**Problem requirements**
All pictures are to be dropped, and the remaining data set down exactly.

*** Opening of Records for this task ***

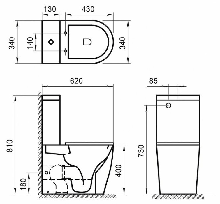 Унитаз напольный BelBagno "Sfera-TR" без бачка и сиденья 340Х620Х810
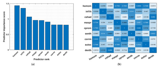 (a) Ranking of key texture features based on AHMO−GLCM properties. (b) Heatmap of AHMO−GLCM feature correlations.
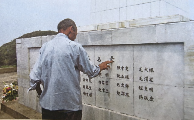在大鱼山战斗的烈士纪念碑前,李金根老英雄把战友们的名字逐一抚摸了一遍。
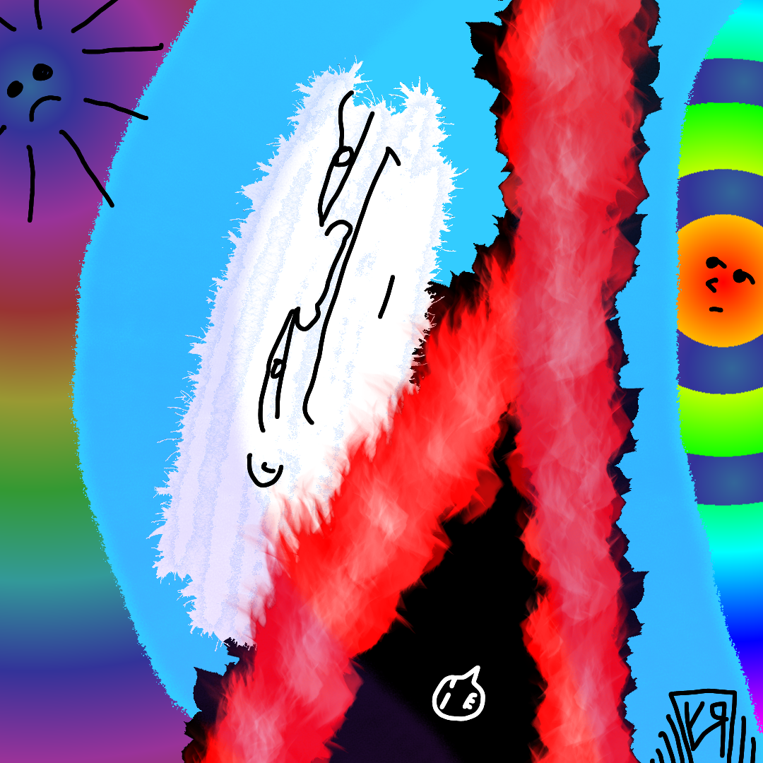 [Digital drawing created on my phone.] Even without a body, Snorb liked to travel. He particularly enjoyed the challenge of mountain climbing! (No one quite understood how he managed to scale Mt. Shlambalamba, summiting the entire glacier to the very tip-top and DURING a volcanic lava flow! Usually, a climber would need at least one leg and a hand or two just to get to the first base-camp.) Incidentally, Snorb would eventually die in his own bathroom, slipping on a bar of soap in the shower. (Again, how he slipped on a bar of soap without any feet is a true mystery.) ---Richard F. Yates (Holy Fool)
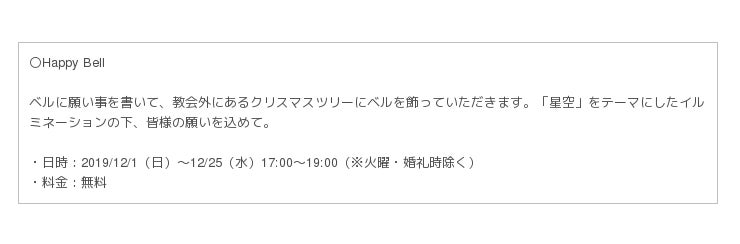 イルミネーションの他、クリスマスイベントでは、今年はベルに願い事を書いて教会外にあるクリスマスツリーに飾る“Happy Bell”が復活。また、歌声が美しく響き渡る礼拝堂の中でクリスマスソングをお楽しみいただけるシンフォニックゴスペルコンサート(チケットぴあにて事前要予約)、無数のキャンドルが大理石のバージンロードに煌めくキャンドルナイト(※3) をはじめとする各種イベントを開催いたします。

*** Close of Records for this task ***

**Exercise result**
 Унитаз напольный BelBagno "Sfera-TR" без бачка и сиденья 340Х620Х810
 (a) Ranking of key texture features based on AHMO−GLCM properties. (b) Heatmap of AHMO−GLCM feature correlations.
在大鱼山战斗的烈士纪念碑前,李金根老英雄把战友们的名字逐一抚摸了一遍。
 [Digital drawing created on my phone.] Even without a body, Snorb liked to travel. He particularly enjoyed the challenge of mountain climbing! (No one quite understood how he managed to scale Mt. Shlambalamba, summiting the entire glacier to the very tip-top and DURING a volcanic lava flow! Usually, a climber would need at least one leg and a hand or two just to get to the first base-camp.) Incidentally, Snorb would eventually die in his own bathroom, slipping on a bar of soap in the shower. (Again, how he slipped on a bar of soap without any feet is a true mystery.) ---Richard F. Yates (Holy Fool)
 イルミネーションの他、クリスマスイベントでは、今年はベルに願い事を書いて教会外にあるクリスマスツリーに飾る“Happy Bell”が復活。また、歌声が美しく響き渡る礼拝堂の中でクリスマスソングをお楽しみいただけるシンフォニックゴスペルコンサート(チケットぴあにて事前要予約)、無数のキャンドルが大理石のバージンロードに煌めくキャンドルナイト(※3) をはじめとする各種イベントを開催いたします。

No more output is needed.